12  Statistical Anomaly Methods

12.1 Learning Objectives

By the end of this chapter, you will be able to:

  • Apply Z-Score Detection: Implement standard deviation-based anomaly detection for Gaussian data
  • Use IQR Method: Deploy robust outlier detection that works with any distribution
  • Build Adaptive Thresholds: Create moving statistics systems that handle concept drift
  • Select Appropriate Methods: Choose between statistical approaches based on data characteristics
In 60 Seconds

Statistical anomaly detection — Z-score and IQR — provides lightweight, interpretable algorithms that run in microseconds on microcontrollers with as little as 32 KB RAM, making them the first-choice method for edge-tier anomaly detection. These methods work best on data with known, stable distributions; switch to time-series or ML methods when seasonality or complex correlations dominate.

Statistical anomaly detection uses math to spot unusual sensor readings. Think of measuring the heights of everyone in a room – someone three times the average height would clearly stand out. Similarly, if a temperature sensor suddenly reads far outside its normal range, statistical methods can automatically flag it as suspicious without needing complex machine learning.

Minimum Viable Understanding: Statistical Anomaly Detection

Core Concept: Statistical methods detect anomalies by measuring how far a value deviates from “normal” - either in standard deviations (Z-score) or quartile ranges (IQR).

Why It Matters: Statistical methods are computationally lightweight, require no training data, and can run on resource-constrained edge devices. They catch 80% of anomalies with 10% of the complexity of ML approaches.

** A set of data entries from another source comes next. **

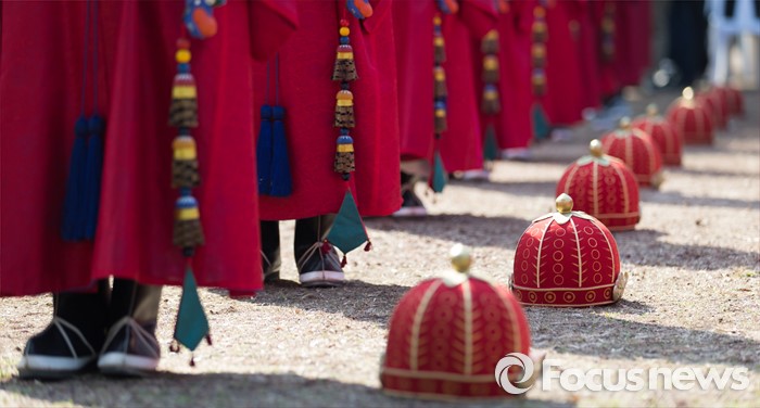 (서울=포커스뉴스) 16일 오전 서울 종로구 성균관 대성전에서 열린 '2016 춘기석전대제'에서 일무보존회 회원들의 피변관이 놓여 있다.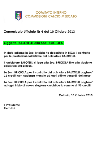 Oggetto: BALOTELLI alla Soc. BRICIOLA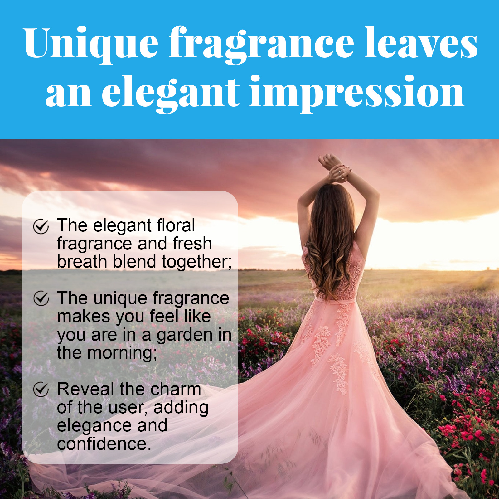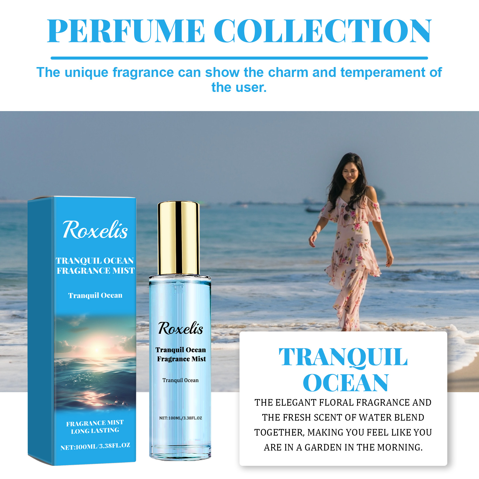 Our Tranquil Ocean Fragrance Mist contains Bellis Perennis(Daisy) Flower Extract, Juniperus Virginiana Oil, Citrus Reticulata (Tangerine)Leaf Oil. It can highlight your charm add elegance and confidence, make yourself stand out in social situations, attract more attention and appreciation, help create a romantic atmosphere, increase the attraction of emotional communication, make the date more memorable. Its use method is very simple: spray the perfume on the wrists, neck, behind the ears, or spray the perfume in the air and then mist, so that the perfume evenly distributed throughout the body, leaving a fragrant aroma. Elegant flowers and fresh breath blend together, unique fragrance, let you feel as if you are in the garden in the morning.

Key Takeaway: Use Z-score for Gaussian data, IQR for skewed or bounded data, and adaptive thresholds when “normal” changes over time.

12.2 Prerequisites

Before diving into this chapter, you should be familiar with:

~20 min | Intermediate | P10.C01.U02

Key Concepts

  • Z-score: A measure of how many standard deviations a data point lies from the mean of its reference window; values beyond ±3σ are conventionally flagged as anomalies.
  • IQR (Interquartile Range): The range between the 25th and 75th percentiles (Q3 − Q1); used to define outlier bounds robust to existing outliers, unlike the Z-score.
  • Exponential moving average (EMA): A weighted average that gives more weight to recent observations, allowing the reference mean to adapt gradually to slow trends without storing a full window.
  • Adaptive threshold: A detection boundary that updates automatically as the underlying data distribution changes, preventing false alarms when normal operating conditions shift.
  • Sliding window: A fixed-size buffer of the most recent N readings used as the reference distribution for computing Z-scores or IQR bounds.
  • False alarm rate: The proportion of normal readings incorrectly flagged as anomalies; for a Gaussian distribution, a 3σ threshold yields a 0.27% false alarm rate.

12.3 Introduction

Statistical approaches form the foundation of anomaly detection in IoT systems. They are computationally lightweight, suitable for edge deployment, and work well when data follows known distributions. Unlike machine learning methods that require training data and significant compute resources, statistical detectors can run on microcontrollers with as little as 16 bytes of RAM. This chapter covers three complementary methods – Z-score, IQR, and adaptive thresholds – each suited to different data characteristics and deployment constraints.

How It Works

Statistical anomaly detection works by quantifying how unusual a value is relative to historical patterns, using mathematical measures of deviation.

Z-Score Mechanism:

  1. Establish baseline: Calculate mean (μ) and standard deviation (σ) from recent normal readings
  2. Measure deviation: For each new reading, compute how many standard deviations it is from the mean
  3. Apply threshold: Values beyond 3σ (99.7% confidence interval) are flagged as anomalies

Why this works: In Gaussian distributions, 99.7% of values fall within ±3σ. Readings beyond this are statistically rare (<0.3% probability if data is normal).

IQR Mechanism:

  1. Find quartiles: Sort historical data, identify 25th percentile (Q1) and 75th percentile (Q3)
  2. Calculate range: IQR = Q3 - Q1 (the middle 50% of data)
  3. Define fences: Lower fence = Q1 - 1.5×IQR, Upper fence = Q3 + 1.5×IQR
  4. Flag outliers: Values outside fences are anomalies

Why this works: IQR uses percentiles (order statistics) rather than mean/std, making it robust to outliers and distribution shape. Works even when data is skewed or has heavy tails.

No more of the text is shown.